Brian MacIntosh, vice-president of Telus’s managed IT and collaboration services group, said the company has seen a doubling in the demand for its managed IT services in Canada and particularly across Quebec compared to the overall market growth rate.
“Our facilities are reaching their capacity quicker than what we expected,” he said. “One goal is to bring additional managed service capacity online and another is to create more super-centres that allow us to provide services not only to the province of Quebec but elsewhere.”
Telus’s green IT strategy is to create a heat and exchange system based on a what MacIntosh described as a “pod design” of hot aisles and cool aisles. The blade servers and other equipment that are more densely packed, for example, may have different requirements than other machines in the facility.
“In a traditional data centre, what you do is cool the entire facility,” he said. “This really is a variable cooling approach.” A heat-and-exchange system will also provide “free cooling” thanks to Quebec’s climate for two thirds of the year, he added.
Like many enterprise companies grappling with energy and power consumption issues, Telus is also using virtualization, software that allows users to run multiple “instances” of an operating system on a single machine.
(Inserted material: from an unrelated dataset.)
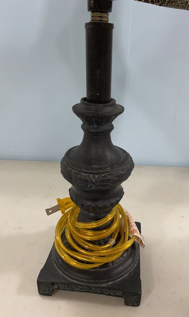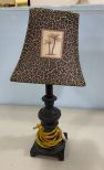 Decorative Small Resin Candle Stick Lamp, with palm tree shade. Decorative Small Resin Candle Stick Lamp, with palm tree shade.

In the case of the Quebec data centre, Telus plans to run more than 1,500 server workloads on a 12 to one machine ratio.
“When we first started, it was just a four to one ratio,” he said. “Right now, Telus as an organization is really mirroring what’s happening in the industry. Every application that’s introduced is first targeted for a virtualized environment, and only if that application isn’t suitable – if it’s some mission-critical high processing requirement, for example – is it left on a physical server.”
Johna Till Johnson, president and senior founding partner of Nemertes Research, said there is a dual-pronged impetus for green initiatives that makes virtualization such a common part of many data centre strategies.
Most servers use 50 per cent of their rated power even when idle, so they’re using 50 per cent of electricity but doing five per cent work, Johnson said.
That means that for every 100 servers only five are in use. Turning off the other 95 would result in 47.5 per cent efficiency, she said. In addition, for every productive dollar gained from servers, almost two dollars are wasted in UPS, AC/DC conversions and fans, Johnson said.
“It’s about efficiency as much as it is about anything else,” she said.
MacIntosh said Telus is turning to a number of data centre automation tools that will allow it to remotely manage the Quebec data centre.